Sketching Sacramento for two years

Jack Brown directs the monthly The Friday Show at Sacramento Comedy Spot.

Jack Brown directs the monthly The Friday Show at Sacramento Comedy Spot.

PHOTO COURTESY OF SACRAMENTO COMEDY SPOT

Catch the two-year anniversary show at Sacramento Comedy Spot, 1050 20th St., Suite 130, Aug. 16, 9 p.m. Tickets are $12.

Like many sketch comedians, Jack Brown first got into comedy through his rugby team. Brown was making fun of a coach during a team-bonding show, people were laughing and he realized he could pursue the laughter. He graduated from UCLA, came back to Sacramento and stepped into the comedy scene with some improv. Much like other things you step in, comedy stuck.

Now 26, Brown works at an educational testing service—but more importantly, he has been directing The Friday Show at Sacramento Comedy Spot for more than a year, as well as writing and performing in it. It’s a monthly, eight-person sketch show with a little improv sprinkled in, and its two-year anniversary show is Aug. 16. SN&R chatted with Brown about The Friday Show—and it got personal.

Why is it called The Friday show?

Well, the name came from when the show is, which is on Friday. (Laughs.) It was a real long process to get there, but we figured it out.

Is directing fun?

Somebody’s got to do it. I wasn’t the director when we started, it was Brian Crall, who runs the Sacramento Comedy Spot—he’s also on the team as well—it was just getting to be a little bit too much for him. It was a big-time commitment, he’s got a lot of things going on.

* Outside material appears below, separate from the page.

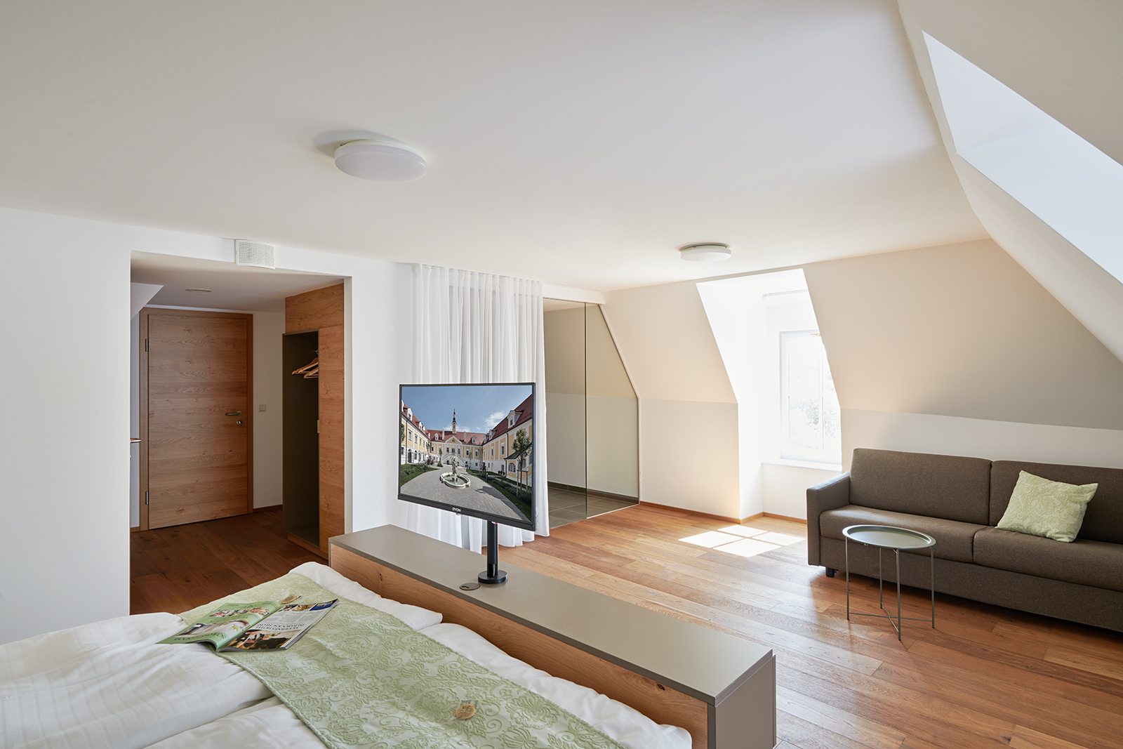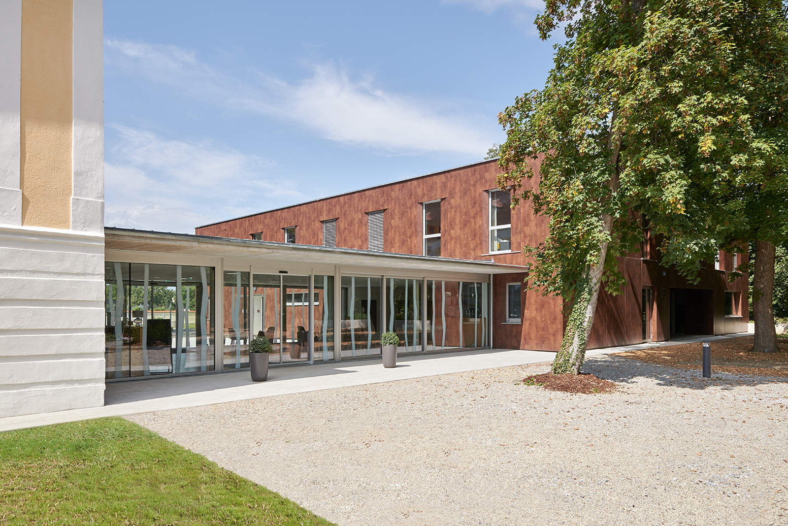 Zusätzliche 18 Zimmer für – je nach Bedarf und Saison – Lehrlinge, Seminarpublikum oder Urlauber entstanden im Obergeschoss des zweigeschossigen Zubaus im Norden. Sie sind um ein Atrium angeordnet, das durch ein großzügiges Oberlicht viel Tageslicht erhält und das so auch ein attraktiver Ort des Aufenthalts und der Begegnung ist. Im Erdgeschoss befinden sich Aufenthaltsräume, ein Fitnessstudio und auch eine großzügige WC-Anlage. Sie ist nützlich bei Veranstaltungen im Schlosspark, wie zum Beispiel das jährlich im Sommer stattfindende Operettenfestival. Eine Verkleidung aus braunen Platten bindet den anstelle des ehemaligen Minigolfplatzes errichteten Kubus in das Grün des Parks ein.
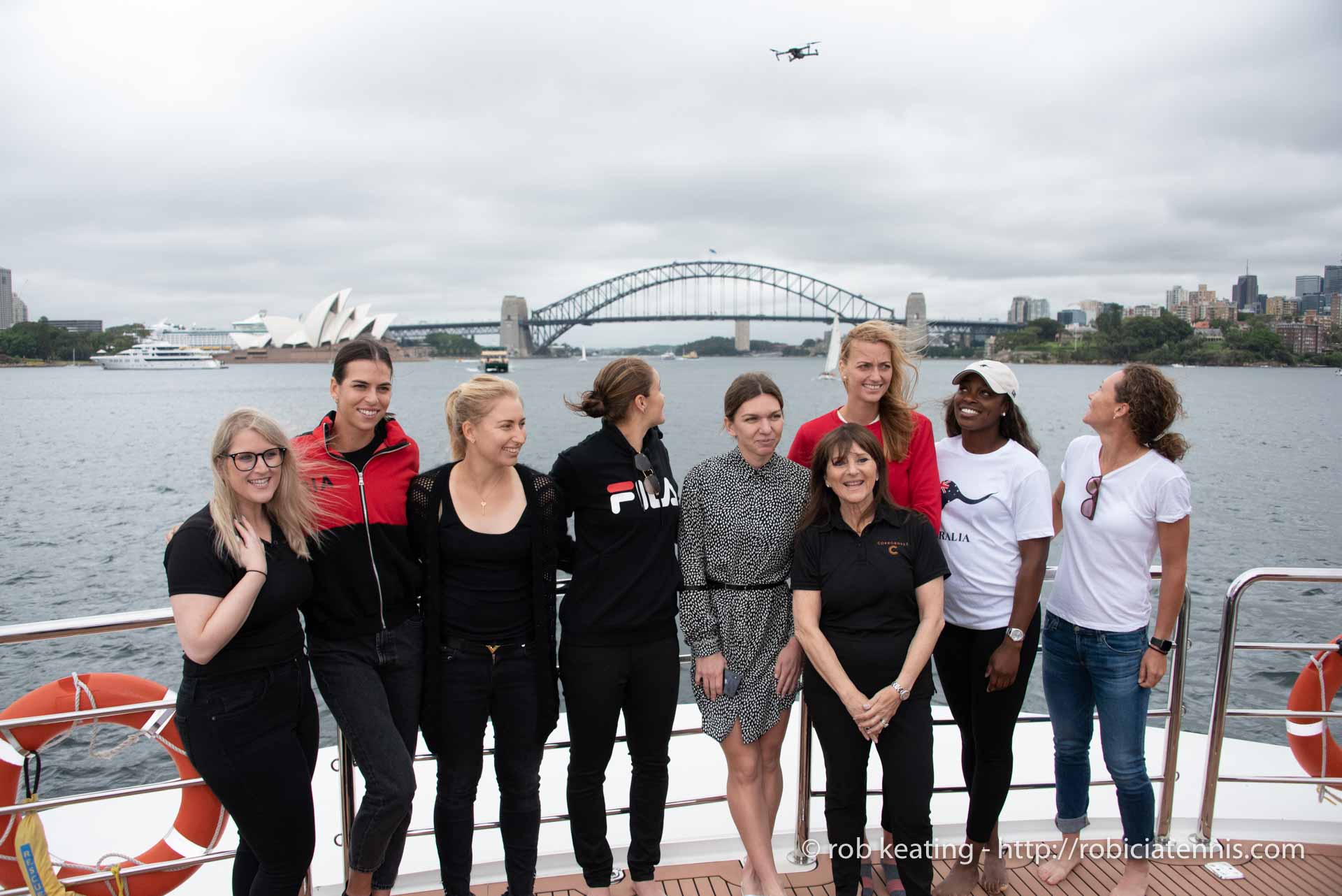 - Sydney, Australia - 6 January 2018: WTA players and staff from the 'Cooroboree. Ash Barty and Sam Stosur are looking up at a drone. (L to R) Ajla Tomljanovic, Daria Gavrilova, Ashleigh Barty, Simona Halep, Petra Kvitova, Sloane Stephens and Samantha Stosur on-board the super yacht 'Cooroboree' during a media opportunity for the Sydney International tennis. The Sydney Harbour Bridge is in the background. (Photo by Rob Keating/robiciatennis.com)

How has the group changed?

We’ve lost some folks, we’ve gained some folks, but it’s been pretty solid. Thankfully we haven’t had a lot of turnover. Every week we meet for two hours, so … we ask a lot from folks and they come through. … They’ve really become some of my best friends, and it’s great to do the show with them.

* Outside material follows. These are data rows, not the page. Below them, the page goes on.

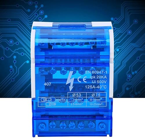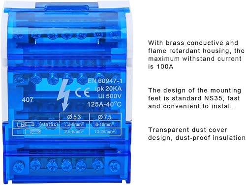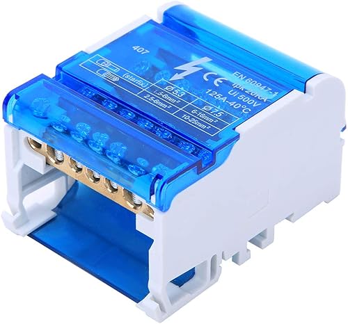 Scatola di Giunzione 407 per Scatola di Distribuzione Terminale a 4 Livelli su Guida Din con Coperchio Trasparente, Alloggiamento Conduttivo in Ottone e Ritardante di Fiamma per
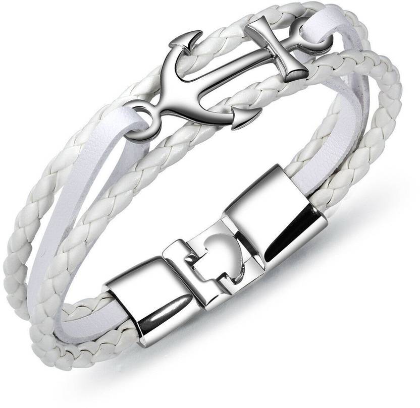 Men's Stainless Steel Anchor White Leather Multi Strap Bracelet
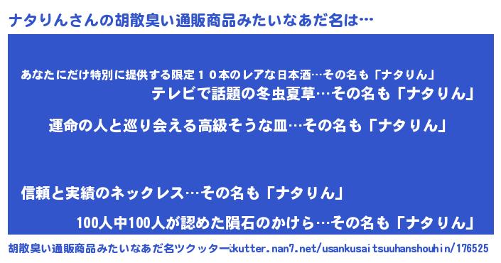 | ヒーロー風カッコイイあだ名 | 『ウルトラナタりんマン』『仮面ナタダー』 |
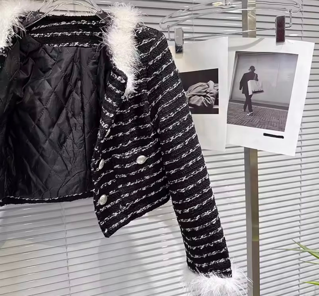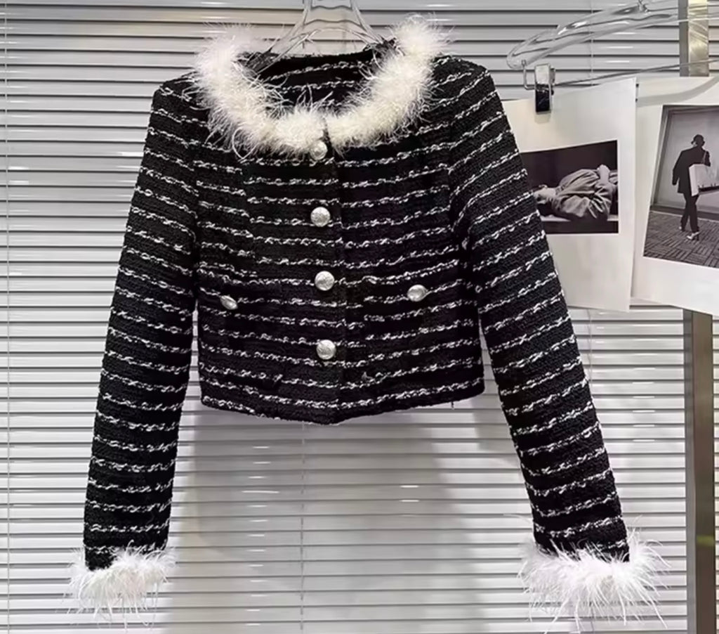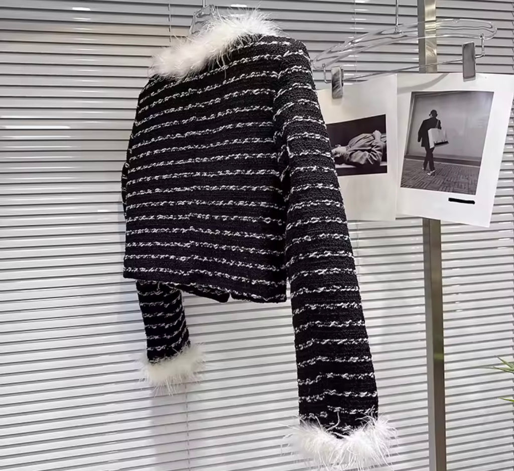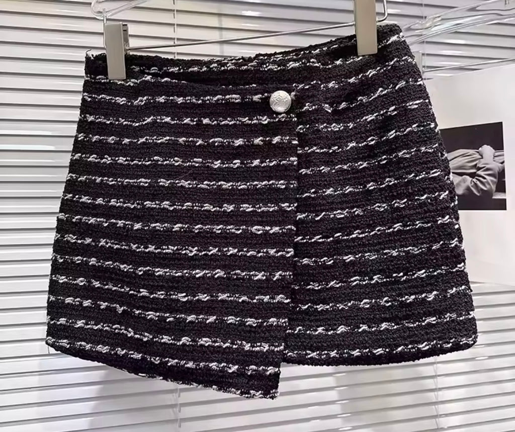 Women Fashion White/Black Full Sleeve Blazer Two Piece Skirt Set

How do the sketches get written?

First two weeks after a show, we’re pitching. We’ve got ideas, we have a big Google Drive … We basically open it open, go around the room, whoever’s got one speaks up, pitches it out to the group. Sometimes we’ll get up on our feet if it’s something really physical … Then the third week we’re refining the pitches. … The fourth week, we do our full-on tech rehearsal, where we run everything like it’s going to be in the show.

Favorite sketch that sticks out?

Yeah, there was one that we did last month that went super well, it was a Blue’s Clues sketch, so it was like a grisly murder scene and the two cops are trying to figure it out, so they have to call the Blue’s Clues team to sort it out—it was a lot of fun, just playing on the trope of police shows, and that mixed with Blue’s Clues, the kid’s show.

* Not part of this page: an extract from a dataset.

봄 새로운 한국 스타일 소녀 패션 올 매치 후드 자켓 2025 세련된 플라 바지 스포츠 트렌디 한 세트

Have you ever considered doing a sketch about a sketch comedian being interviewed by a reporter?

I hadn’t considered it until right now, but I like it. Am I doing a bad job? Like, is this comically bad?

This? No, it’s more like, “What about reporting? There’s a lot of comedy there!”

That’s the cool thing about telling people you do comedy, everyone has an idea. Every person I meet says, “Have you ever thought about doing this type of thing?” It’s always fun to see what people notice and what makes them laugh.

Are they good usually?

I—and you can put this in there—my family gives me the worst pitches imaginable. My family will say stuff, they’ll string words together that have never been put together in that order—and never should’ve been put together in that order. My mom’s last pitch for me was just “fridge magnets.” That’s all she would say. She was like, “That should be enough.”

That one, though, I feel like, makes sense. I get that.

(Laughs.) That’s a good angle for this, now: “Jack lashes out at his mother—this reporter doesn’t agree.”